Other important market applications include stand-up pouches for washing liquids, detergents and soups, sachets, lidding for yogurt pots (see illustration), cream, desert pots, etc, garden center and horticultural packs, and agricultural seed and feed packs. End uses that are growing faster than the market as a whole range from coffee packs, fresh produce, snack foods, ready meals and pet foods.


So what has made flexible packaging of growing interest for diversification by label converters? Well, many of the same things that label converters are all regularly facing: reducing run lengths, more differentiation, variations and versions, new product launches, smaller packs, added value, minimizing stockholding, shorter turnaround time, test marketing, inventory reduction and expanded promotional opportunities – incorporating social networking and interactive packaging.

The sector has also been faced with rising materials costs, price pressures and cost containment – as well as sustainability issues relating to waste, eliminating solvents, reducing energy consumption and minimizing the carbon footprint. Certainly, the development and use of more eco-friendly materials will be increasingly important.

Such a changing and challenging market has undoubtedly led to more and more interest in printing on narrower webs, creating added-value solutions, offering opportunities to enhance profitability, and to increasingly making use of digital printing technologies rather than the traditionally-used wider web rotogravure and flexo presses.
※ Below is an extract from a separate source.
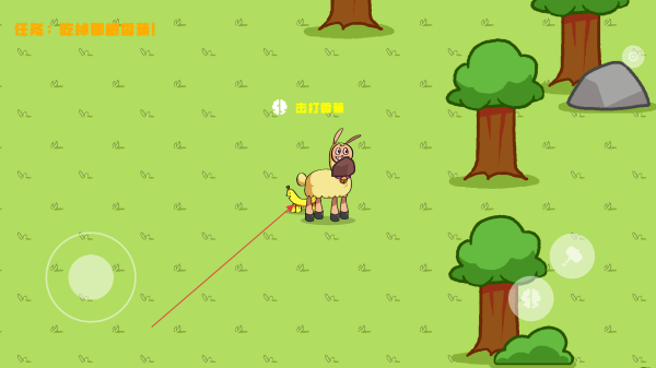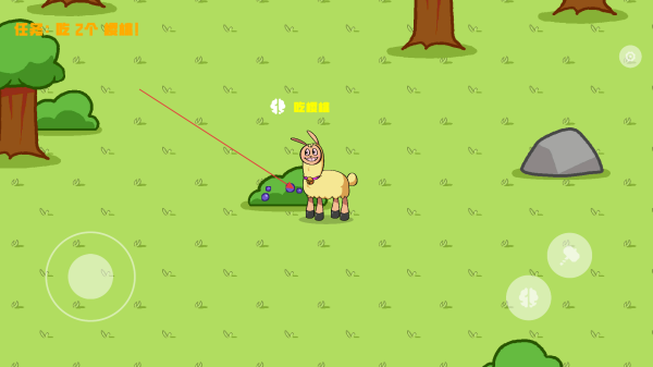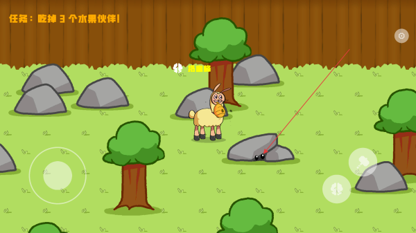 1、進(jìn)入游戲,通過(guò)左下方虛擬搖桿操控拉姆移動(dòng),在場(chǎng)景中尋找任務(wù)所需食物。

In particular, digital printing’s ability to react swiftly to market demands and to produce small print runs without the corresponding loss of time that can accompany the production of the new tooling required for flexo, offset or rotogravure printing, offers significant and positive benefits.

Key flexible packaging market opportunities for narrow web converters are seen as being in the food, personal care, pet food and nutraceutical sectors where unsupported films are typically surface printed and then protected with varnish or an over-laminate.

Examples of food products suitable for narrow web printing included single serve snacks, powdered goods (soup mixes, gravy, spices), coffee and regional foods, while in personal care the opportunities are seen in items such as shampoos, conditioner, lotions, travel kits and promotional items.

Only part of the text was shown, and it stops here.